NEW YORK (Reuters) - This year is shaping up to be a "lost year" for group travel, not helped by politicians who have demonized company travel spending, the chief executive of online travel agency Expedia Inc (EXPE.O) said on Tuesday.
Dara Khosrowshahi said at the Reuters Travel and Leisure Summit in New York that he has seen first-quarter corporate travel, which includes day-to-day business trips, fall 15-30 percent.
Spending for group travel like conferences is likely to fall substantially more than 30 percent, he said.
"There has been this demonization of corporate travel and group travel, which really threatens to fundamentally hurt the infrastructure of travel," he said, urging politicians to support the travel industry.
Online travel agencies, already battered by falling travel demand amid economic recession, complain that politicians have unfairly criticized business travel in the wake of highly publicized, extravagant trips by executives at troubled companies like American International Group Inc (AIG.N).
Khosrowshahi said that as a result of the criticism, some companies have curbed travel costs -- especially group travel -- for fear that they, too, would be accused of extravagance.
"I think 2009 for group travel is a lost year," he said.
Khosrowshahi said it was "anyone's guess" when the U.S. recession would end, but "from our standpoint, we're certainly not planning for it to end any time soon, and certainly not in 2009."
The three publicly traded U.S. online travel agencies -- Expedia, Priceline.com (PCLN.O) and Orbitz Worldwide OWW.N -- posted mixed results for the fourth quarter. The total value of bookings were broadly lower, with only Priceline seeing growth.
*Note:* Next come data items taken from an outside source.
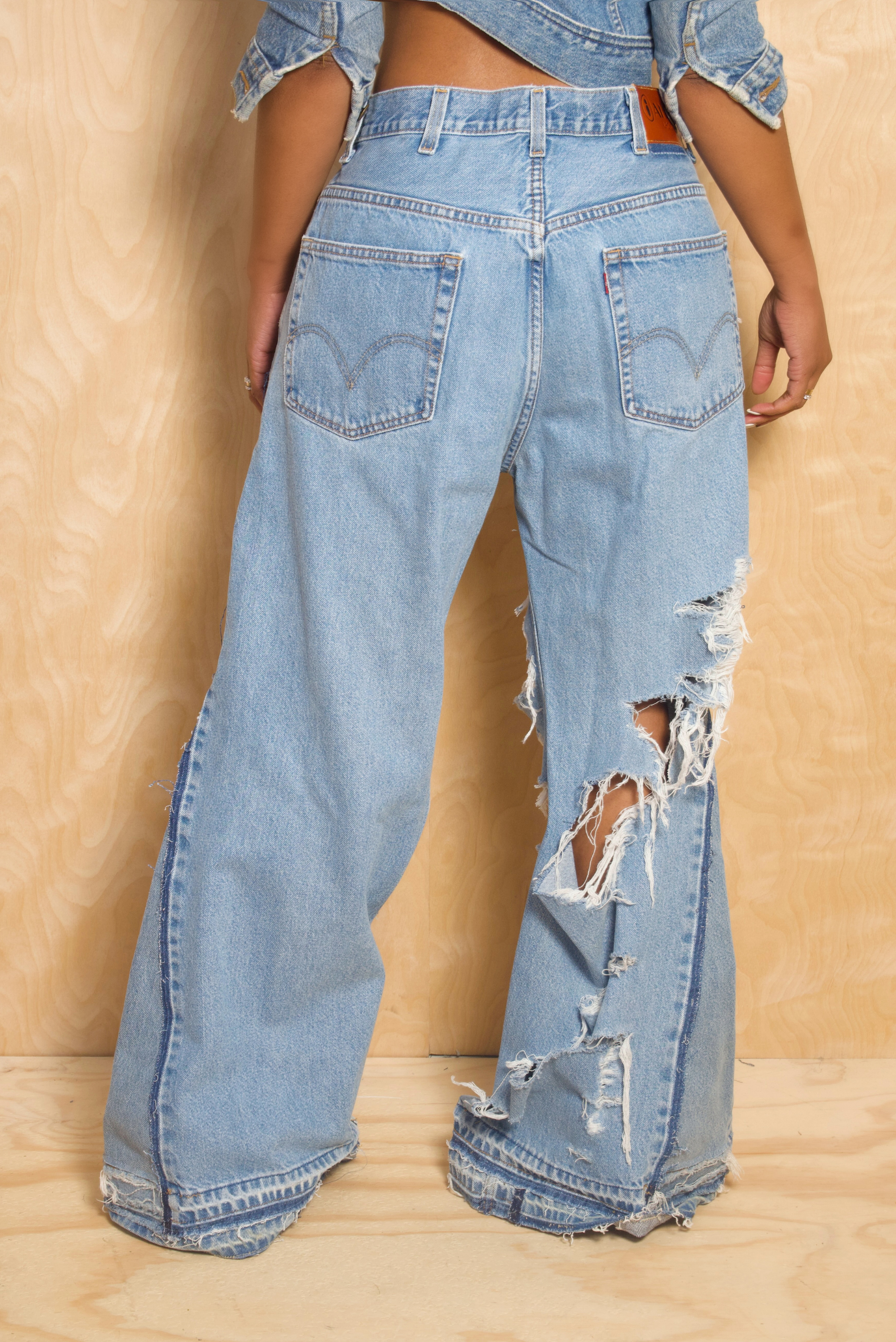 Channel that effortless grunge aesthetic with the Wide Leg Super Distress Hole Light Levi Jeans by iAMMI. These upcycled Levi’s are fully customized with extreme distressing and oversized holes, giving each pair a raw and authentic edge. The light wash enhances the vintage texture while keeping the style versatile and easy to wear. Designed for maximum comfort and individuality, they’re perfect for streetwear lovers and denim collectors alike. Each piece tells its own story through handcrafted detail.
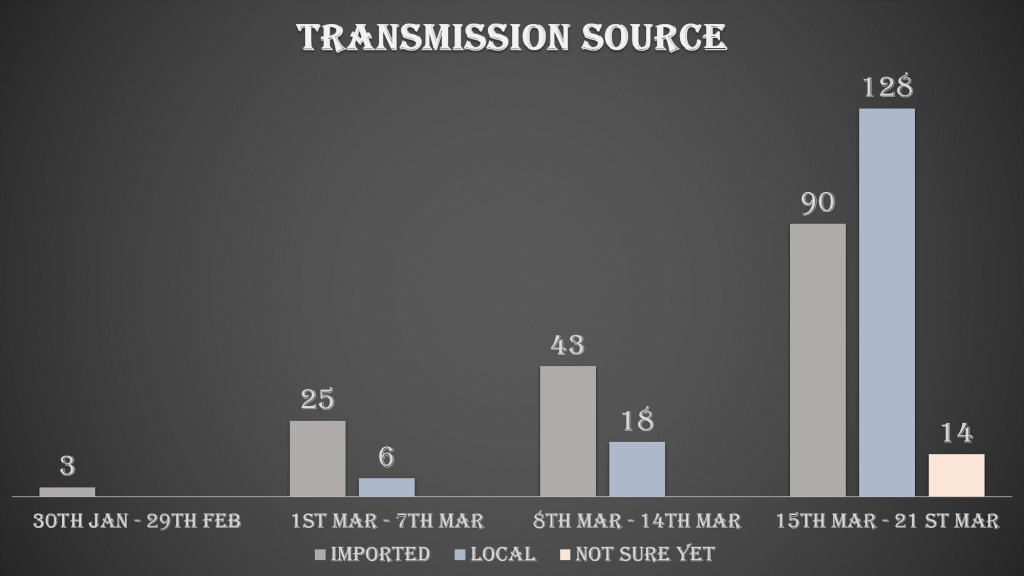 As reflected in the above table the spread has been severe in the 3rd week of March. The spread of this virus has 4 stages. This is determined through transmission sources.
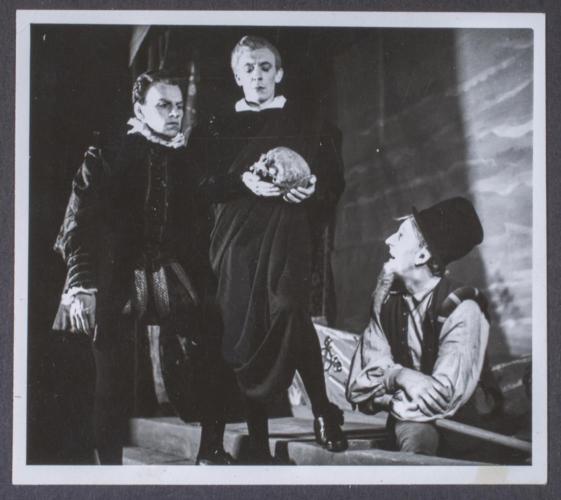 „Frá vinstri: Jón Sigurbjörnsson (Hóras), Lárus Pálsson (Hamlet), Brynjólfur Jóhannesson (1. grafari). Hamlet frumsýndur 11. maí 1949. Leikfélag Reykjavíkur.“ (PBB 2023)
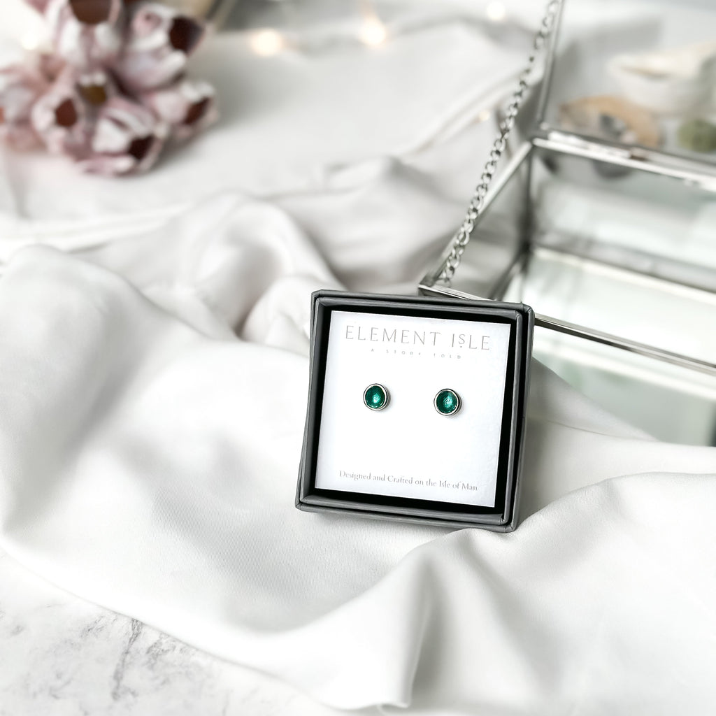 Each pair has been lovingly handcrafted in recycled silver, then accented with 'Lost Forest' deep green enamel.

Some experts said that Priceline's growth reflected its traction in international markets.
The value of bookings fell by 11 percent for Expedia, the largest online travel agency. Expedia's North American bookings fell 13 percent, while European bookings fell 11 percent. Khosrowshahi said Expedia was working hard to expand in Europe and Asian markets.
"It's a huge potential market as far as the population and you've got kind of a rising middle class that is traveling out of the country and using hotels and using the Internet to book," Khosrowshahi said, referring specifically to Asia.
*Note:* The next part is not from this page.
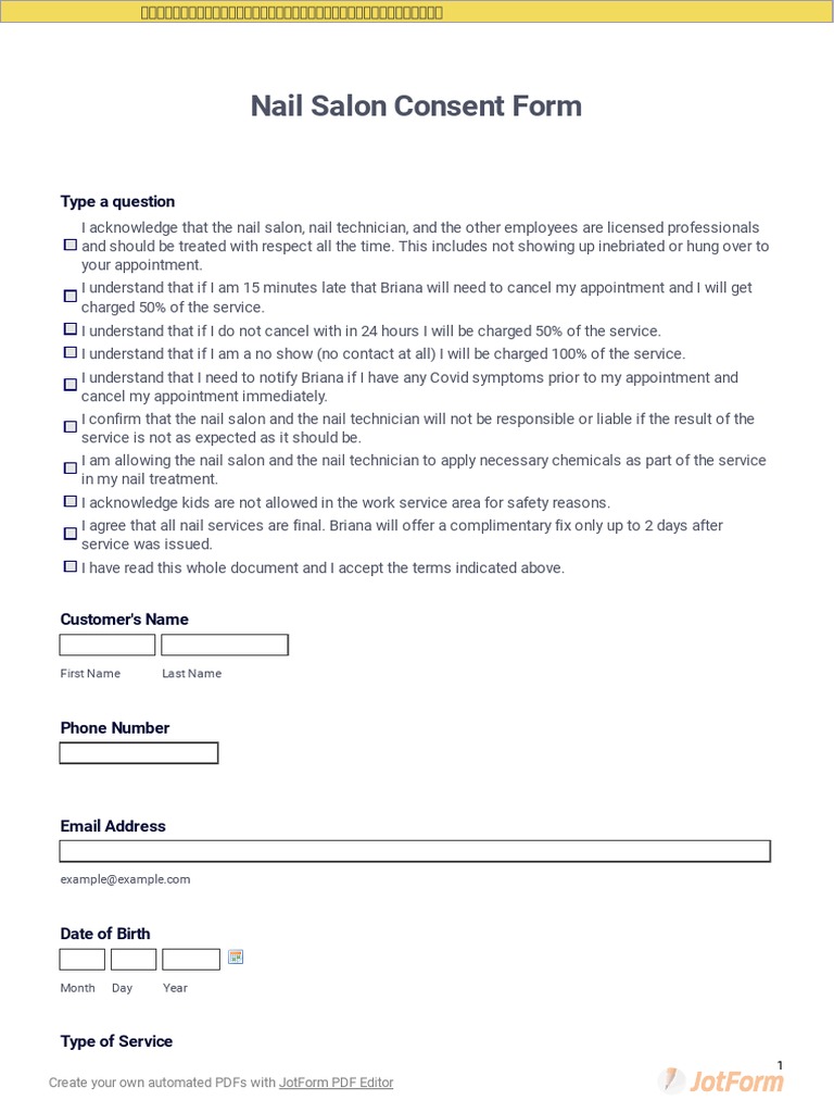 Fillable Online Nail Salon Consent Form TemplateJotForm Fax Email Print

Asked about consolidation in the online travel business, he said there was certainly potential for it, but conditions were not right at present. "I don't see anything happening until the credit markets ... ease," he said.
"Right now access to capital markets is essentially nil and consolidation typically requires capital," Khosrowshahi said.
He added, however, that there was room for four players and more in the market.